International career
- Years: Team / Apps / (Points)
- 2023: England U20
- 2025: Emerging Scotland / 1 / (0)

= Malelili Satala =

English rugby player

Malelili Satala-Navlivou (born 24 October 2004) is an Emerging Scotland international rugby union player who plays wing for Edinburgh. Born in Edinburgh, he is eligible to play internationally for Scotland, England or Fiji, the latter through his ex-Edinburgh Rugby father, Apolosi Satala. He previously played for Leicester Tigers in Premiership Rugby.

==Rugby Union career==

===Professional career===

He was a member of Leicester Tigers senior academy for the 2023-24 season.
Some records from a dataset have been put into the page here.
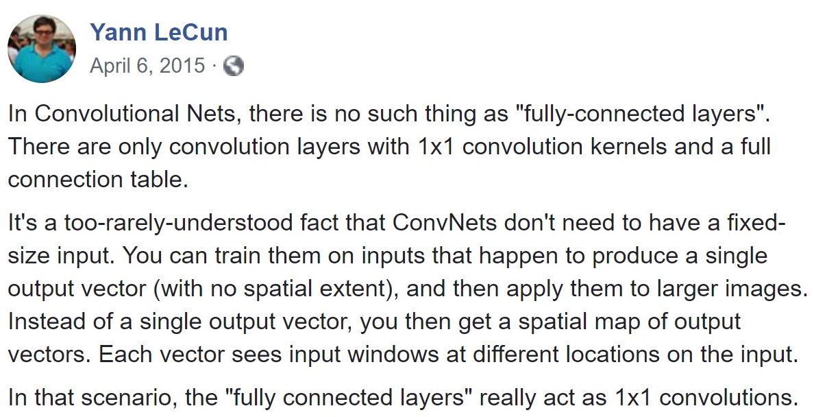 关于 卷积的一个有趣的观点来自 Yann LeCun, “在卷积神经网络中, 没有‘全连接层(fully-connected layers)’的概念。只有卷积层具有卷积核和全连接表。”
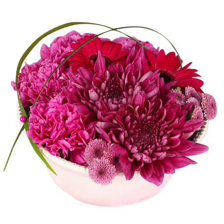 Lågt arrangemang i vit kruka med rosa/cerice blommor.
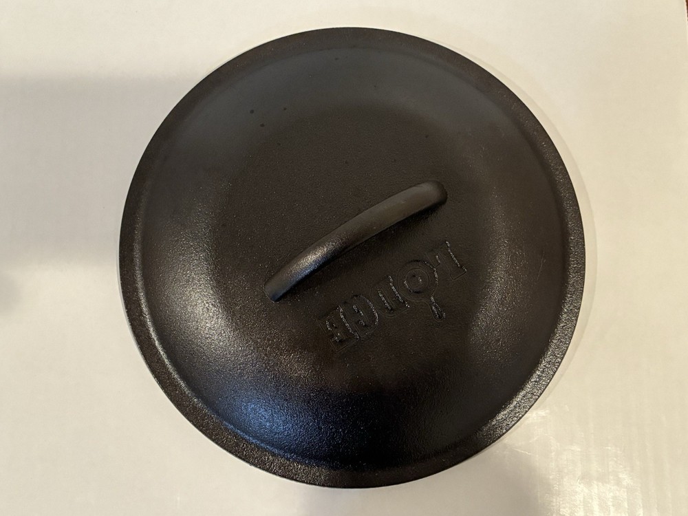 The Vintage Lodge Cast Iron Stew Pot Dutch Oven With Skillet Lid is a two-piece set of collectible cookware that is perfect for cooking on both gas and electric stoves. With a round shape and black color, this Dutch oven is made of sturdy cast iron material and comes with a matching lid. The set is an original piece from the brand Lodge, known for its quality cookware products. This vintage Dutch oven is a unique addition to any kitchen and a must-have for collectors of vintage kitchen items.
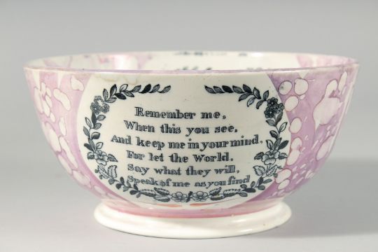 A SUNDERLAND PORCELAIN PINK LUSTRE CIRCULAR BOWL "Sailor's Farewell" Masonic.
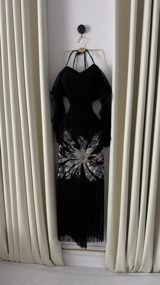 فستان أسود بنقش الزهر
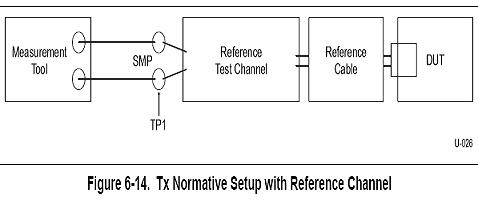 在USB3.0的TX的眼圖和抖動(dòng)測(cè)試中,測(cè)量的是待測(cè)試信號(hào)經(jīng)過參考測(cè)試信道后TP1點(diǎn)的眼圖和抖動(dòng)。如下圖4中的Reference test channel即為參考測(cè)試信道,在規(guī)范中定義了long channel、short channel和3米電纜三種參考測(cè)試信道。如果使用long channel或者較長(zhǎng)電纜,信號(hào)到達(dá)接收端時(shí)衰減比較大,眼圖已經(jīng)閉合,USB3.0芯片接收端使用了CTLE均衡器對(duì)信號(hào)進(jìn)行均衡后(CTLE均衡器介紹見本文最后一部分),信號(hào)眼圖的質(zhì)量將大大改善,所以要求測(cè)試儀器分析出CTLE均衡器處理后信號(hào)的眼圖和抖動(dòng)。
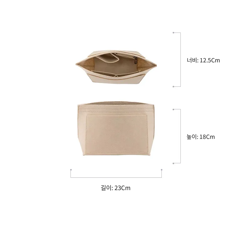 베이지 롱샴 펠트 내피 - 소형 사이즈 [3D 효과 스테이핑· 깔끔한 수납]
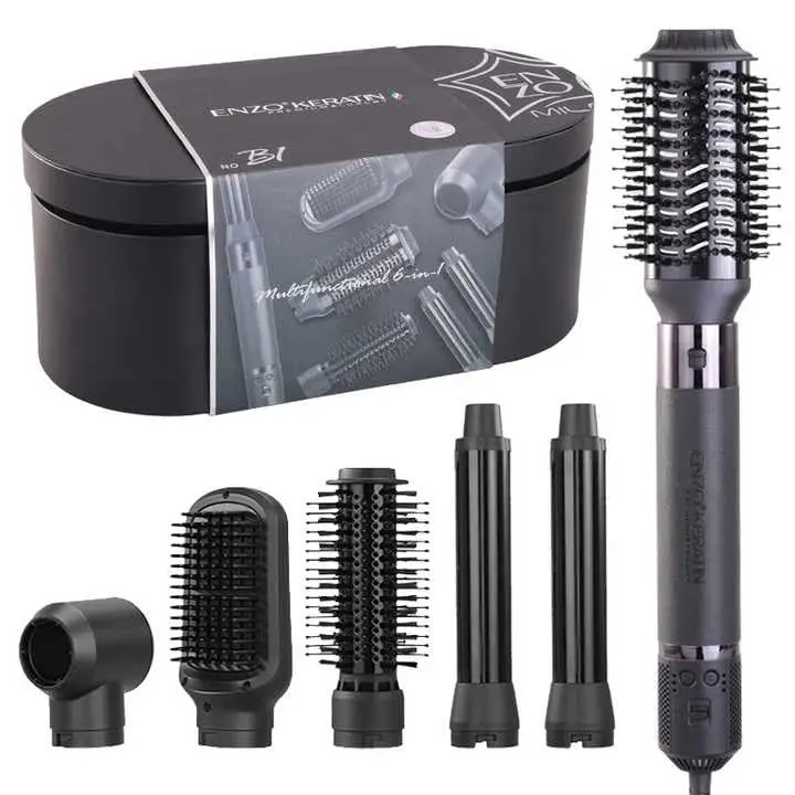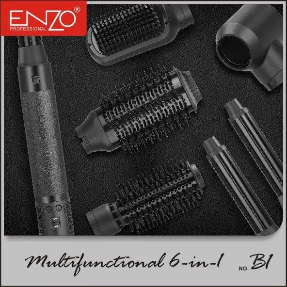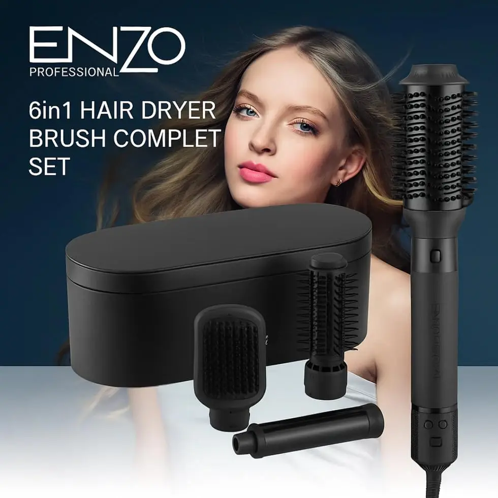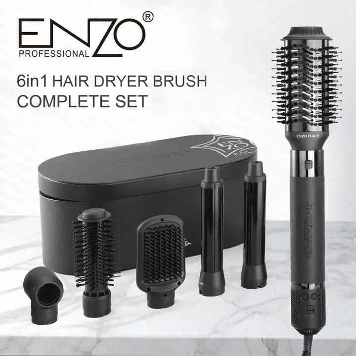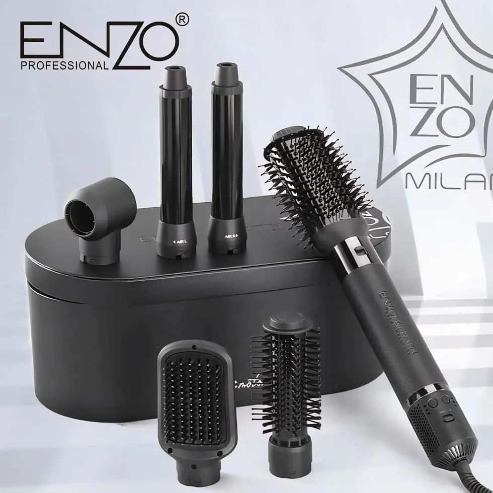 Unlock salon-quality styling at home with the ENZO 6-in-1 Hair Styler! This versatile tool combines the functionality of a hot air brush, hair dryer, straightener, curler, and volumizer, offering complete styling versatility for all hair types. Experience faster drying times and professional-grade results thanks to the advanced 130,000 RPM BLDC motor delivering 1500 watts of power. The luxurious rose gold finish adds a touch of elegance to your styling routine, while the multiple attachments and ionic technology ensure frizz-free, smooth, and voluminous results. Whether you’re aiming for sleek straight hair, bouncy curls, or maximum volume, this 6-in-1 styler has you covered. Its compact design makes it perfect for both home use and travel, allowing you to maintain your desired look wherever you go. Compatible with 220-240V power outlets, this is a must-have tool for achieving professional hairstyles effortlessly.
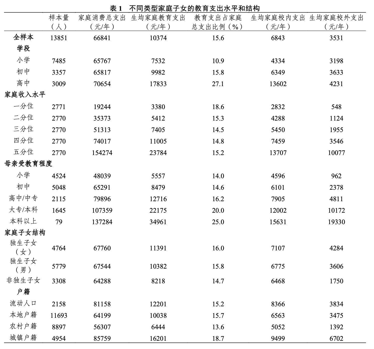 表1 对该报告进行了相对全面的总结,从中可以看出,家庭中母亲受教育程度为大专及本科的家庭,年度总支出中有五分之一都是教育相关的支出,教育支出中用于校内教育的占比为54.1%,用于校外教育的占比为45.9%.而家庭中母亲受教育程度为本科以上的家庭,年度总支出中有四分之一都是教育相关的支出,在教育支出中,教育支出中用于校内教育的占比为44.7%,用于校外教育的占比为55.3%.
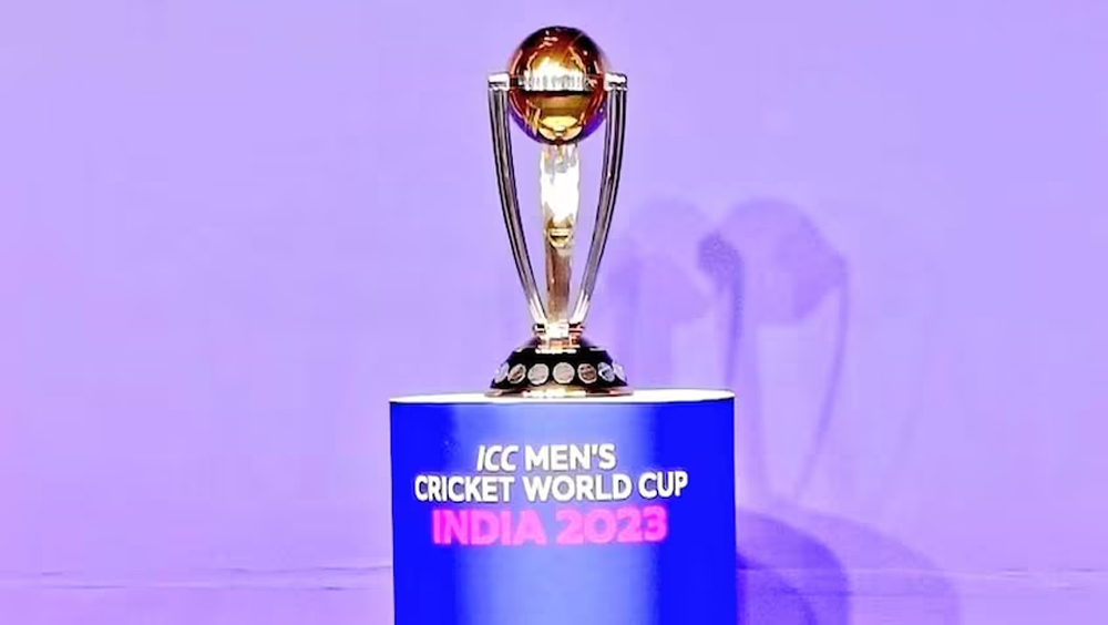 ജൂൺ 26ന്, ഭൂമിയിൽ നിന്ന് ഏകദേശം 120000 അടി ഉയരത്തിലുള്ള സ്ട്രാറ്റോസ്ഫിയറിൽ നിന്നാണ് ലോകകപ്പ് ട്രോഫി പര്യടനം ആരംഭിച്ചത്. ഏകദിന ലോകകപ്പിന്റെ ഉദ്ഘാടന വേദിയായ അഹമ്മദാബാദ് നരേന്ദ്രമോദി സ്റ്റേഡിയത്തിൽ എത്തിച്ച ശേഷം അവിടെ നിന്ന് മറ്റ് നഗരങ്ങളിലേക്ക് പര്യടനം വ്യാപിപ്പിക്കുകയായിരുന്നു.
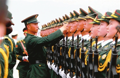 曾为一名模特的三军仪仗队队员门佳慧在进行训练(左图)。三军仪仗队在阅兵训练基地进行严格训练(右图)。
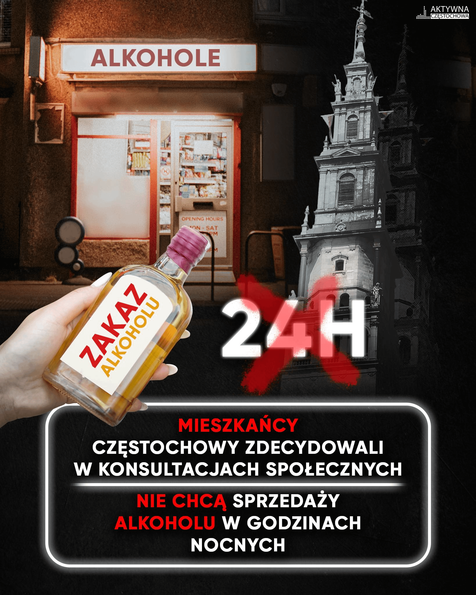 Kolejne miasto z nocną prohibicją w sklepach – 71% mieszkańców Częstochowy poparło wprowadzenie ograniczenia. Jeśli wszystko pójdzie zgodnie z planem, zmiany wejdą w życie w 2026 roku.

He made a try scoring debut for Leicester Tigers in the Premiership Rugby Cup on 1 November 2024 against Northampton Saints.

In May 2025 it was announced that he had signed a 2 year deal with Edinburgh Rugby.

===International career===

He has played for the England national under-20 rugby union team. He made his debut for Emerging Scotland on 17 November 2025.

==Personal life==

He attended Brooksby Melton College. He is the son of Fijian rugby union international Apolosi Satala.